Information provided: Begin

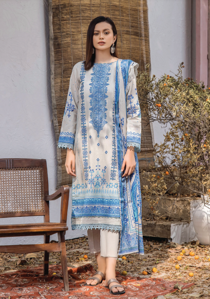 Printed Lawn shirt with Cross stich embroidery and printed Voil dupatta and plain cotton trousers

Information provided: End
Information provided: Begin

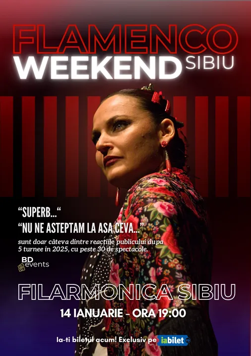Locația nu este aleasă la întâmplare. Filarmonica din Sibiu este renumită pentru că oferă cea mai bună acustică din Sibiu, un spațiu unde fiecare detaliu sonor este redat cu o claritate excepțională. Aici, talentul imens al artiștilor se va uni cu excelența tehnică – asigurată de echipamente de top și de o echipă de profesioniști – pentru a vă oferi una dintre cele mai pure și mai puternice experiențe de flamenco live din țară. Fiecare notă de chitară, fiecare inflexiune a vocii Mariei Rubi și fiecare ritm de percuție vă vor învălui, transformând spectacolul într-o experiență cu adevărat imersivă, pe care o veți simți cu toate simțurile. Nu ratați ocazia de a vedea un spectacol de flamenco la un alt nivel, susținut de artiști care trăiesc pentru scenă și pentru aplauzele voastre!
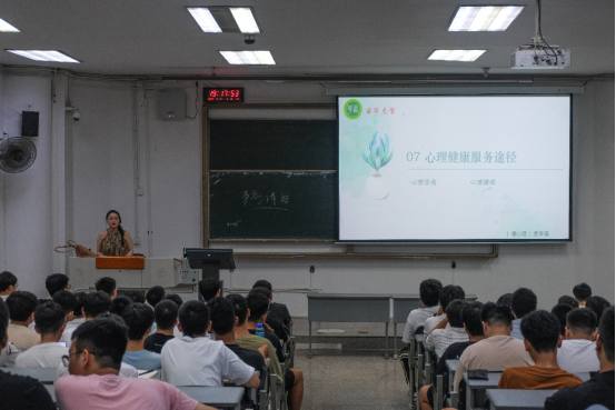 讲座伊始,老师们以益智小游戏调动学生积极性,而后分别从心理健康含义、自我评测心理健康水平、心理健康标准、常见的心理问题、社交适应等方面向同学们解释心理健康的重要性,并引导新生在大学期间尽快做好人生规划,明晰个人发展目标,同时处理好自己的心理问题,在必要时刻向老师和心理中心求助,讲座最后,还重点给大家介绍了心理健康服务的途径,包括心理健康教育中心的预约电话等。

Information provided: End
Information provided: Begin

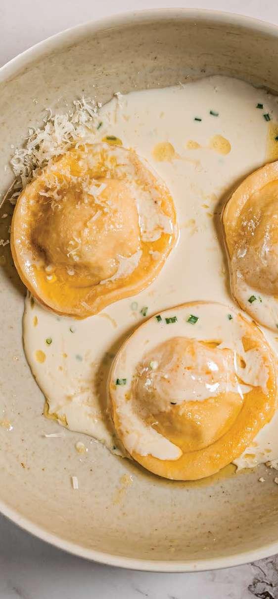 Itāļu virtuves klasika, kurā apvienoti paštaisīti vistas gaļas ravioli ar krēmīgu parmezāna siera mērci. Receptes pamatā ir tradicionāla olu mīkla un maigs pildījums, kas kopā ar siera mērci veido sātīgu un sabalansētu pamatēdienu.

Information provided: End

Your assignment: The reply should hold exactly the lines above, starting at the line with "Locația nu este" and ending at the line with "讲座伊始,老师们以益智小游戏", and no pictures.

Solution to the problem:
Locația nu este aleasă la întâmplare. Filarmonica din Sibiu este renumită pentru că oferă cea mai bună acustică din Sibiu, un spațiu unde fiecare detaliu sonor este redat cu o claritate excepțională. Aici, talentul imens al artiștilor se va uni cu excelența tehnică – asigurată de echipamente de top și de o echipă de profesioniști – pentru a vă oferi una dintre cele mai pure și mai puternice experiențe de flamenco live din țară. Fiecare notă de chitară, fiecare inflexiune a vocii Mariei Rubi și fiecare ritm de percuție vă vor învălui, transformând spectacolul într-o experiență cu adevărat imersivă, pe care o veți simți cu toate simțurile. Nu ratați ocazia de a vedea un spectacol de flamenco la un alt nivel, susținut de artiști care trăiesc pentru scenă și pentru aplauzele voastre!
 讲座伊始,老师们以益智小游戏调动学生积极性,而后分别从心理健康含义、自我评测心理健康水平、心理健康标准、常见的心理问题、社交适应等方面向同学们解释心理健康的重要性,并引导新生在大学期间尽快做好人生规划,明晰个人发展目标,同时处理好自己的心理问题,在必要时刻向老师和心理中心求助,讲座最后,还重点给大家介绍了心理健康服务的途径,包括心理健康教育中心的预约电话等。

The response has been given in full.